Your assignment
Set down the data below from its first line to the line holding "成澤衣千花さんの総運は41画の5点!", inclusive; omit all pictures.

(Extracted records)
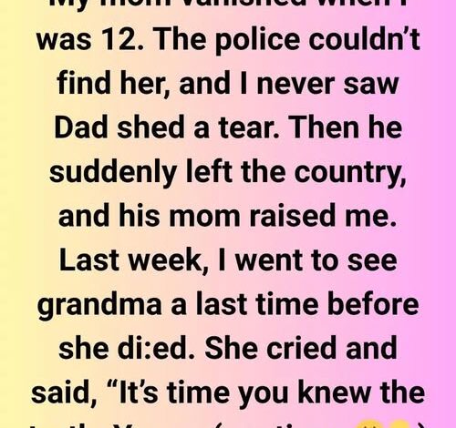 My mom vanished when I was 12. The police couldn’t find her, and I never saw Dad shed a tear. Then he suddenly left the country, and his mom raised me. Last week, I went to see Grandma one last time before she passed. She cried and said, “It’s time you knew the truth. Your mom didn’t leave—she was protecting you.” Her words hit me like a wave. For years, I had lived with unanswered questions, believing my mother had simply disappeared without a trace.
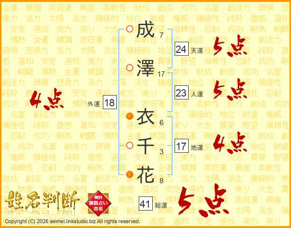 成澤衣千花さんの総運は41画の5点!
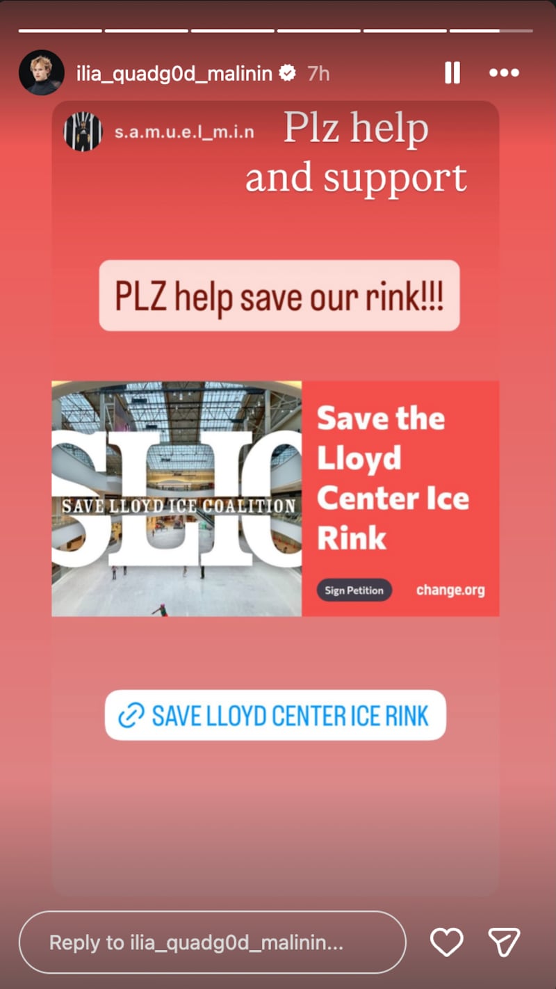 Figure skater Ilia “Quad God” Malinin just weighed in to oppose the forthcoming demolition of the Lloyd Center ice rink. On Feb. 10, Malinin posted an image to his Instagram stories that says “PLZ help save our rink!!” and a link to a Change.org petition called “Save the Lloyd Center Ice Rink.”
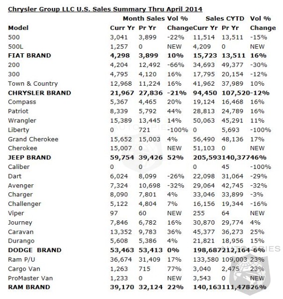 Chrysler Group LLC today reported U.S. sales of 178,652 units, a 14 percent increase compared with sales in April 2013 (156,698 units), and the group’s best April sales since 2007.
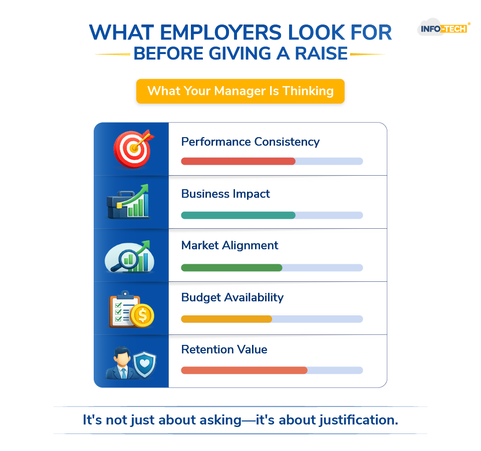 The best time is usually after you’ve delivered strong results or taken on more responsibility. Performance reviews are ideal, but not the only option. If you’ve recently completed a major project or your role has clearly expanded, that’s also a good time. Avoid asking during company downturns or budget cuts.

Solution below
 My mom vanished when I was 12. The police couldn’t find her, and I never saw Dad shed a tear. Then he suddenly left the country, and his mom raised me. Last week, I went to see Grandma one last time before she passed. She cried and said, “It’s time you knew the truth. Your mom didn’t leave—she was protecting you.” Her words hit me like a wave. For years, I had lived with unanswered questions, believing my mother had simply disappeared without a trace.
 成澤衣千花さんの総運は41画の5点!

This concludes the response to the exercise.